Pengaruh Pemberian Ekstrak Daun Mahkota Dewa pada Gambaran Histopatologi Paru Tikus Putih yang Dipapar Asap Rokok

NGURAH BAGUS RADITYA SRI DAMAR, JANTO POERNOMO HADI, EDIJONO EDIJONO, TROEF SOEMARNO

Abstract


Background: Smoking is a bad habit for health. There are many dangerous components inside a cigarette. The smoke that comes out from the cigarette contains many harmful components. Smoking and getting exposed to cigarette smoke in a long period of time can cause inflammatory response on respiratory tract. Mahkota dewa leaf contains beneficial biological component, such as flavonoidalkaloid, andsaponin that have anti-inflammatory, anti-cancer, and many others.

Aim :The purpose of this research was to determine the effect of administration of mahkota dewa leaf (Phaleria macrocarpa) extract onlung histopathology in white male Wistar rats (Rattus norvegicus) exposed to cigarette smoke.

Methods : This research is a true laboratory experimental research using Post-Test Only Control Group Design.
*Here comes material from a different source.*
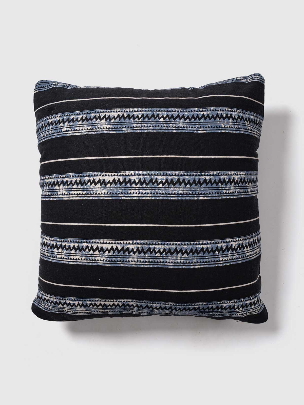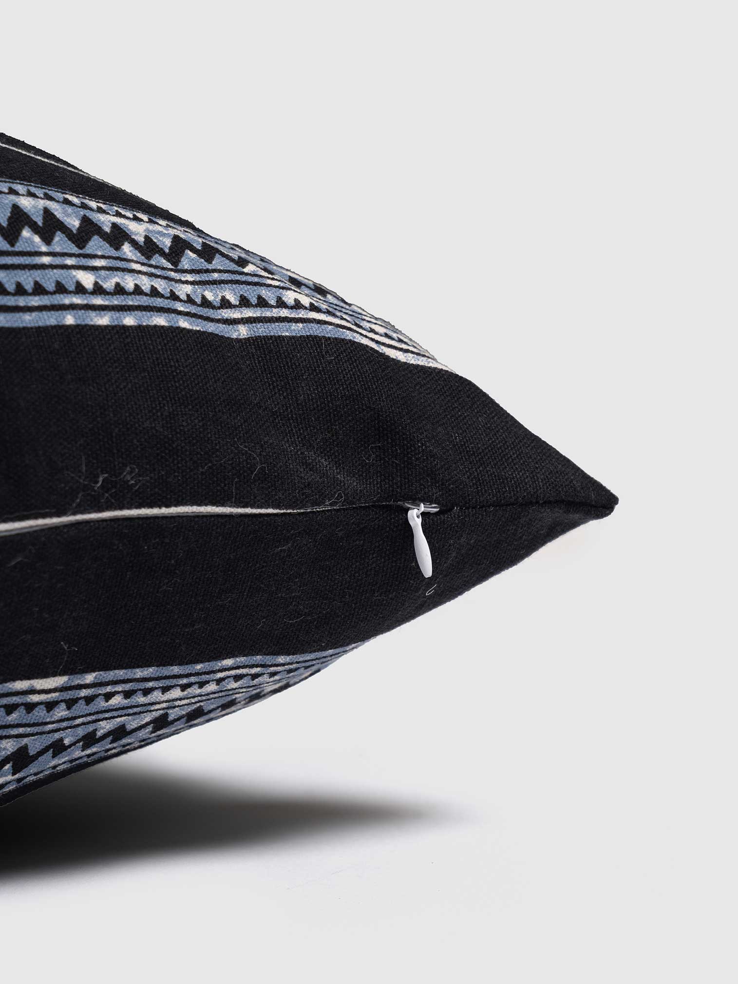 This striking cushion cover features a bold black backdrop accented by intricate blue and white tribal-inspired patterns. Perfect for adding a touch of global chic to your home decor, it is crafted from premium fabric. This versatile cover enhances the visual appeal of sofas, chairs, and beds, creating a cozy yet stylish atmosphere.

The subject in this research were 30 male Wistar Rats (Rattus norvegicus) which were divided into 4 groups, a group without given any treatment (K-), a group where they only getting exposed to cigarette smoke (K+), a group where they exposed to cigarette smoke and given mahkota dewa leaf extract at 1500 mg/kgBW/day dose (Eg1), and the group exposed to cigarette smoke and a mahkota dewa leaf extract at a 2500 mg/kgBW/day dose (Eg2).

Result            : 1.) There was a significant difference on lung histopathology between K- and K+, Eg1, and Eg2. 2.) There was no significant difference on lung histopathology between K+, Eg1 and Eg2.
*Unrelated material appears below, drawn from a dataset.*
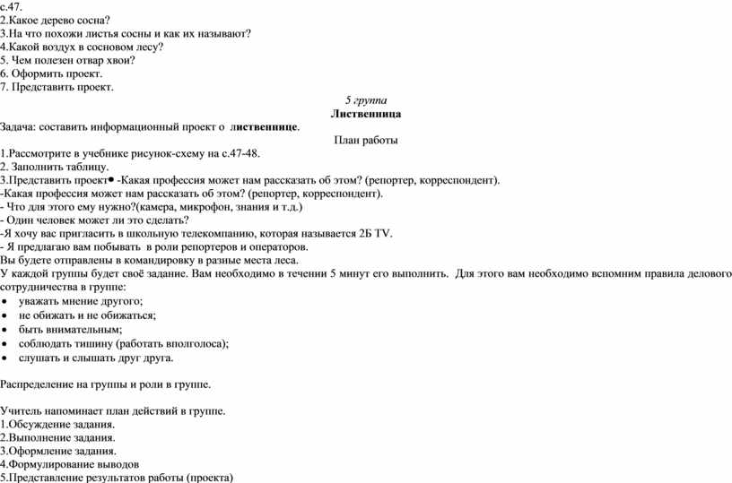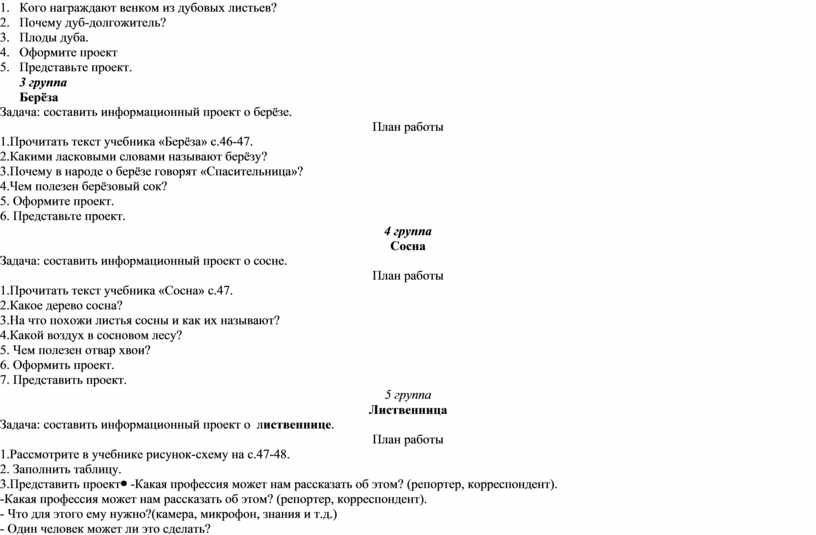 Работа в группах по проектам. 1 группа Рябина Задача: составить информационный проект о рябине. План работы 1. Прочитать текст карточки. 2. Определить виды деревьев. 3. Заполнить таблицу. 4. Представление проекта (таблицы) 2 группа Дуб Задача: составить информационный проект о дубе. План работы 1. Прочитать текст учебника «Дуб» стр. 45. 2. Какими словами говорят про дуб? 3. Что означает дубовая ветвь? 4. Кого награждают венком из дубовых листьев? 5. Почему дуб-долгожитель? 6. Плоды дуба. 7. Оформите проект 8. Представьте проект. 3 группа Берёза Задача: составить информационный проект о берёзе. План работы 1.Прочитать текст учебника «Берёза» с.46-47. 2.Какими ласковыми словами называют берёзу? 3.Почему в народе о берёзе говорят «Спасительница»? 4.Чем полезен берёзовый сок? 5. Оформите проект. 6. Представьте проект. 4 группа Сосна Задача: составить информационный проект о сосне. План работы 1.Прочитать текст учебника «Сосна» с.47. 2.Какое дерево сосна? 3.На что похожи листья сосны и как их называют? 4.Какой воздух в сосновом лесу? 5. Чем полезен отвар хвои? 6. Оформить проект. 7. Представить проект. 5 группа Лиственница Задача: составить информационный проект о лиственнице. План работы 1.Рассмотрите в учебнике рисунок-схему на с.47-48. 2. Заполнить таблицу. 3.Представить проект |

Conclusion : Exposure to 5 cigarette smoke in 21 days caused lung histopathology changes. However, there was no effect of the administration of mahkota dewa leaves extract at 1500 mg/kgBW/day and 2500 mg/kgBW/day on lung histopathology of white male Wistar rats exposed to 5 cigarette smoke in 21 days.

Keyword : Phaleria macrocarpa leaf, Flavonoid, Alkaloid, cigarette smoke, inflammatory response, Infiltration of Inflammatory cells.